▶ **Records supplied**
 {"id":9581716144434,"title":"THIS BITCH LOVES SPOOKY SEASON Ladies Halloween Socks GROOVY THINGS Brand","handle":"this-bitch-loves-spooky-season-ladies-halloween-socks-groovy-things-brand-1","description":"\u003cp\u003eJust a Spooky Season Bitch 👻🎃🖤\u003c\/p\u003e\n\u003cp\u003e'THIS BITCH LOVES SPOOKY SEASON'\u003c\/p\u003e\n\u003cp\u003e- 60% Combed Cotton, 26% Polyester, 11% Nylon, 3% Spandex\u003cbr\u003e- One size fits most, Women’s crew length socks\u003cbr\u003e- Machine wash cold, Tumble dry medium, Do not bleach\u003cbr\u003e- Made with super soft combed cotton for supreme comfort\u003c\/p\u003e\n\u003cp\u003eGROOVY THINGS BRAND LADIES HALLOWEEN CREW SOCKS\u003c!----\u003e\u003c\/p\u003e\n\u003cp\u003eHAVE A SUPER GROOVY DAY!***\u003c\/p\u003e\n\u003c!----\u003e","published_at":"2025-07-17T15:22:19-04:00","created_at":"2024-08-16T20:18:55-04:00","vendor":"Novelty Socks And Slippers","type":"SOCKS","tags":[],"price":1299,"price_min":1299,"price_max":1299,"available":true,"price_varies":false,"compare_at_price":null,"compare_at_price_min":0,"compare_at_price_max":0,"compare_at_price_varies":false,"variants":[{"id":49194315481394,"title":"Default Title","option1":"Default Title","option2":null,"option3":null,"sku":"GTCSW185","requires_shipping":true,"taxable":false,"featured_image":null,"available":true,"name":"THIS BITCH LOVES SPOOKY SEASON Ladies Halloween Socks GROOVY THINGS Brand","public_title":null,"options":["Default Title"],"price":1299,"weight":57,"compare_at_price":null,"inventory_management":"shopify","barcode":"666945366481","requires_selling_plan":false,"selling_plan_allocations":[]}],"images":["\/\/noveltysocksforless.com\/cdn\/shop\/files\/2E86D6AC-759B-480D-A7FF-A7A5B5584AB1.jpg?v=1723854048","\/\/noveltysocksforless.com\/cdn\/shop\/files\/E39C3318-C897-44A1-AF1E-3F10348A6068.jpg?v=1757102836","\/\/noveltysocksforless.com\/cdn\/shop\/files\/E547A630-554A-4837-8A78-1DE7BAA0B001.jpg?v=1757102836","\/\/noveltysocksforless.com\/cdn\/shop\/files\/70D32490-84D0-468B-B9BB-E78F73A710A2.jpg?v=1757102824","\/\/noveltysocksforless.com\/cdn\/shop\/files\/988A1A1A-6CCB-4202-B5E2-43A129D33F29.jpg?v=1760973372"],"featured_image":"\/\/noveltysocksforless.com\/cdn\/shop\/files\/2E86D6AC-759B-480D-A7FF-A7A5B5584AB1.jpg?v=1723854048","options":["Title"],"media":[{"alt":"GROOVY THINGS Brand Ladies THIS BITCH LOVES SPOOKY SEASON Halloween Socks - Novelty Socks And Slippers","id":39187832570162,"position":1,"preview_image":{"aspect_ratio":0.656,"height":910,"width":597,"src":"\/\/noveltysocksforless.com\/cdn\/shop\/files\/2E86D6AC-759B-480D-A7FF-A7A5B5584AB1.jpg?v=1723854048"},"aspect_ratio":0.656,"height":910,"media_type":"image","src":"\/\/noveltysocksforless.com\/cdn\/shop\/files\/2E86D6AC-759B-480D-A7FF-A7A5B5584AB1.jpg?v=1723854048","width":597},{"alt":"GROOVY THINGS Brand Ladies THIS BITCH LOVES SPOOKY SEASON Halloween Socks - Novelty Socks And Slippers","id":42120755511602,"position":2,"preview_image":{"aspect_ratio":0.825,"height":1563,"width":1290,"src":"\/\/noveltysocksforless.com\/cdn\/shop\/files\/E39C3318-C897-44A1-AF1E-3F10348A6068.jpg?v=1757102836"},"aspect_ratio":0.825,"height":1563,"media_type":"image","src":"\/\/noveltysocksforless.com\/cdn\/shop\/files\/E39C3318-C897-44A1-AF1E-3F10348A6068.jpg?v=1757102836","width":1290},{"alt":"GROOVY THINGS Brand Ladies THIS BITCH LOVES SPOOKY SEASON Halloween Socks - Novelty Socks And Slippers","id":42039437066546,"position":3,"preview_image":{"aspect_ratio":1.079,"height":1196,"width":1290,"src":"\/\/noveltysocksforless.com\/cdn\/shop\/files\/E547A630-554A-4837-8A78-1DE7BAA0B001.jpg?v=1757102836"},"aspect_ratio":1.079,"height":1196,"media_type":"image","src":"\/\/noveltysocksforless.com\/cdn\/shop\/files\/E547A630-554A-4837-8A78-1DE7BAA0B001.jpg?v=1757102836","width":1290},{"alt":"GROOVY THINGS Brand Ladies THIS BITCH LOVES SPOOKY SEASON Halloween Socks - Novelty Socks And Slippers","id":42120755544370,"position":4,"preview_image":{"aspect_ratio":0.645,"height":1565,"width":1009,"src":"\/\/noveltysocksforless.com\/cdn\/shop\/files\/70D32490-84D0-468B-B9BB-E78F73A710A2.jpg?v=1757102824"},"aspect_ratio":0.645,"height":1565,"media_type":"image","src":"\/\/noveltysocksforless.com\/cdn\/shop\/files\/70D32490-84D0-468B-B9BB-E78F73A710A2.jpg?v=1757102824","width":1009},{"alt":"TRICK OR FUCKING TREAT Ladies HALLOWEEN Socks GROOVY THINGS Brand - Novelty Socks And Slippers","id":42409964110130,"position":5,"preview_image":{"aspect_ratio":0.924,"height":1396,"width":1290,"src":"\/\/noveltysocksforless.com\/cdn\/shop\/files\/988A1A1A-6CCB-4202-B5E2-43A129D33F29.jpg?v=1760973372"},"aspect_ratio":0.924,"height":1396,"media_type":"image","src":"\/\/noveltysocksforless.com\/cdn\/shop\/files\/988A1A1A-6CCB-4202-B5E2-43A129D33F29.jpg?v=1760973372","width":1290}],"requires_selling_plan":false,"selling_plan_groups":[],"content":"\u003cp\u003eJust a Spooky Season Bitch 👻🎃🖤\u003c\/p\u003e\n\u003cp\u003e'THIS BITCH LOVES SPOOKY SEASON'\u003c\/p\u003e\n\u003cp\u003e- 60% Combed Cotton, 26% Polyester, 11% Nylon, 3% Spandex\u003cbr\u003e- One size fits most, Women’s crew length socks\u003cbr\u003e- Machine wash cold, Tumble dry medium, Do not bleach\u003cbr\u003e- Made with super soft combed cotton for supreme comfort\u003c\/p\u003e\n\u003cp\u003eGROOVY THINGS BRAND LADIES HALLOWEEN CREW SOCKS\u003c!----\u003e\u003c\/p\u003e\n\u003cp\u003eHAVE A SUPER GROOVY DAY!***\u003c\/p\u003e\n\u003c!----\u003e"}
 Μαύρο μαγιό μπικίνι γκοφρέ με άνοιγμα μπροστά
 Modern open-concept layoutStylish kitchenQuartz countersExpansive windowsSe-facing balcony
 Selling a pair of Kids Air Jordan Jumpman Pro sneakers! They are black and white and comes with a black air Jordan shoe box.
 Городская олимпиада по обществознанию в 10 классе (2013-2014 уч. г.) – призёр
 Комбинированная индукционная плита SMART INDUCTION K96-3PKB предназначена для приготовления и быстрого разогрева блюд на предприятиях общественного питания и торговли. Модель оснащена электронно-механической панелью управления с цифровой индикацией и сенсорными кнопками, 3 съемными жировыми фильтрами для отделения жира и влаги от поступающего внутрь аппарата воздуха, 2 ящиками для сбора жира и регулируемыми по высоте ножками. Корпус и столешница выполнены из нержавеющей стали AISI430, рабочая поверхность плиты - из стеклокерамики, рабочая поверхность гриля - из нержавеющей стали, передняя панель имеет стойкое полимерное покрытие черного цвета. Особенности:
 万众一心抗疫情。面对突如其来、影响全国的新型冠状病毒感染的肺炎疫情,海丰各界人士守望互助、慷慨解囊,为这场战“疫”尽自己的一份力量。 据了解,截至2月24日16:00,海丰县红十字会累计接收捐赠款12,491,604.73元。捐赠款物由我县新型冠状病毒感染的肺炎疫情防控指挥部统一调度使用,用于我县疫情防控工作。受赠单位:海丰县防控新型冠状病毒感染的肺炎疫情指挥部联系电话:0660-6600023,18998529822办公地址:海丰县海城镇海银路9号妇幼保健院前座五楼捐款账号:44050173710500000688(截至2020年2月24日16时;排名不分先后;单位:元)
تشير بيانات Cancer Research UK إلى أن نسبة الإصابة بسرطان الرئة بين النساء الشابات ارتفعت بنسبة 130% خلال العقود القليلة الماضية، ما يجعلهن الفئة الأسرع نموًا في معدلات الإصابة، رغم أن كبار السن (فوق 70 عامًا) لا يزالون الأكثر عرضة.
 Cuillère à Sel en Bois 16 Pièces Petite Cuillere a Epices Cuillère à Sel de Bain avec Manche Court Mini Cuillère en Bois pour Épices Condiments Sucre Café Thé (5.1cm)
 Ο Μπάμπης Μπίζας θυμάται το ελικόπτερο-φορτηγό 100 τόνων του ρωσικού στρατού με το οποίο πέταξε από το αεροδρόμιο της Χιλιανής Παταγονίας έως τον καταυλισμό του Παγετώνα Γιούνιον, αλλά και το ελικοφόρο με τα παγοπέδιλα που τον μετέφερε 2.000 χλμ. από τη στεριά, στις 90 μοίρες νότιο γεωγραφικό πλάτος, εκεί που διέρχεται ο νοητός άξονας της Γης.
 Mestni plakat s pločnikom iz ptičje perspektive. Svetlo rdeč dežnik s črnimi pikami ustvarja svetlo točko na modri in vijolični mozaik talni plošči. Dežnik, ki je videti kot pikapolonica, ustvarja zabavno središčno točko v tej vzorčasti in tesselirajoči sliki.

▶ **Aim of the task**
Find the line that contains "万众一心抗疫情。面对突如其来". Copy it and every line after it to the end of the records, exactly, and nothing more.

▶ **Result of the task**
 万众一心抗疫情。面对突如其来、影响全国的新型冠状病毒感染的肺炎疫情,海丰各界人士守望互助、慷慨解囊,为这场战“疫”尽自己的一份力量。 据了解,截至2月24日16:00,海丰县红十字会累计接收捐赠款12,491,604.73元。捐赠款物由我县新型冠状病毒感染的肺炎疫情防控指挥部统一调度使用,用于我县疫情防控工作。受赠单位:海丰县防控新型冠状病毒感染的肺炎疫情指挥部联系电话:0660-6600023,18998529822办公地址:海丰县海城镇海银路9号妇幼保健院前座五楼捐款账号:44050173710500000688(截至2020年2月24日16时;排名不分先后;单位:元)
تشير بيانات Cancer Research UK إلى أن نسبة الإصابة بسرطان الرئة بين النساء الشابات ارتفعت بنسبة 130% خلال العقود القليلة الماضية، ما يجعلهن الفئة الأسرع نموًا في معدلات الإصابة، رغم أن كبار السن (فوق 70 عامًا) لا يزالون الأكثر عرضة.
 Cuillère à Sel en Bois 16 Pièces Petite Cuillere a Epices Cuillère à Sel de Bain avec Manche Court Mini Cuillère en Bois pour Épices Condiments Sucre Café Thé (5.1cm)
 Ο Μπάμπης Μπίζας θυμάται το ελικόπτερο-φορτηγό 100 τόνων του ρωσικού στρατού με το οποίο πέταξε από το αεροδρόμιο της Χιλιανής Παταγονίας έως τον καταυλισμό του Παγετώνα Γιούνιον, αλλά και το ελικοφόρο με τα παγοπέδιλα που τον μετέφερε 2.000 χλμ. από τη στεριά, στις 90 μοίρες νότιο γεωγραφικό πλάτος, εκεί που διέρχεται ο νοητός άξονας της Γης.
 Mestni plakat s pločnikom iz ptičje perspektive. Svetlo rdeč dežnik s črnimi pikami ustvarja svetlo točko na modri in vijolični mozaik talni plošči. Dežnik, ki je videti kot pikapolonica, ustvarja zabavno središčno točko v tej vzorčasti in tesselirajoči sliki.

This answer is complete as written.